Jesús Aguilar Armijo (Alpen-Adria-Universität Klagenfurt), Christian Timmerer (Alpen-Adria-Universität Klagenfurt) and Hermann Hellwagner (Alpen-Adria-Universität Klagenfurt)

Abstract: Multi-access Edge Computing (MEC) is a new paradigm that brings storage and computing close to the clients. MEC enables the deployment of complex network-assisted mechanisms for video streaming that improve clients’ Quality of Experience (QoE). One of these mechanisms is segment prefetching, which transmits the future video segments in advance closer to the client to serve content with lower latency.
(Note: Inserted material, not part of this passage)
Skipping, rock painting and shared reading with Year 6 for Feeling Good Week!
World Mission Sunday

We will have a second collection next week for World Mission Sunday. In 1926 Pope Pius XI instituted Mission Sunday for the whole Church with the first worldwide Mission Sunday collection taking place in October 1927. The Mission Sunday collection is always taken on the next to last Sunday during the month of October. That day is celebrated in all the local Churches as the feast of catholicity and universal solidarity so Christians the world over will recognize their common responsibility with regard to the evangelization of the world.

In this work, for HAS-based (HTTP Adaptive Streaming) video streaming and specifically considering a cellular (e.g., 5G) network edge, we present our approach Segment Prefetching and Caching at the Edge for Adaptive Video Streaming (SPACE). We propose and analyze different segment prefetching policies that differ in resource utilization, player and radio metrics needed, and deployment complexity. This variety of policies can dynamically adapt to the network’s current conditions and the service provider’s needs. We present segment prefetching policies based on diverse approaches and techniques: past segment requests, segment transrating (i.e., reducing segment bitrate/quality), Markov prediction model, machine learning to predict future segment requests, and super-resolution.We study their performance and feasibility using metrics such as QoE characteristics, computing times, prefetching hits, and link bitrate consumption. We analyze and discuss which segment prefetching policy is better under which circumstances, as well as the influence of the client-side Adaptive Bit Rate (ABR) algorithm and the set of available representations (“bitrate ladder”) in segment prefetching. Moreover, we examine the impact on segment prefetching of different caching policies for (pre-)fetched segments, including Least Recently Used (LRU), Least Frequently Used (LFU), and our proposed popularity-based caching policy Least Popular Used (LPU).

Keywords: Adaptive video streaming, content delivery, HAS, edge computing, cellular network edge, MEC, segment prefetching, segment caching.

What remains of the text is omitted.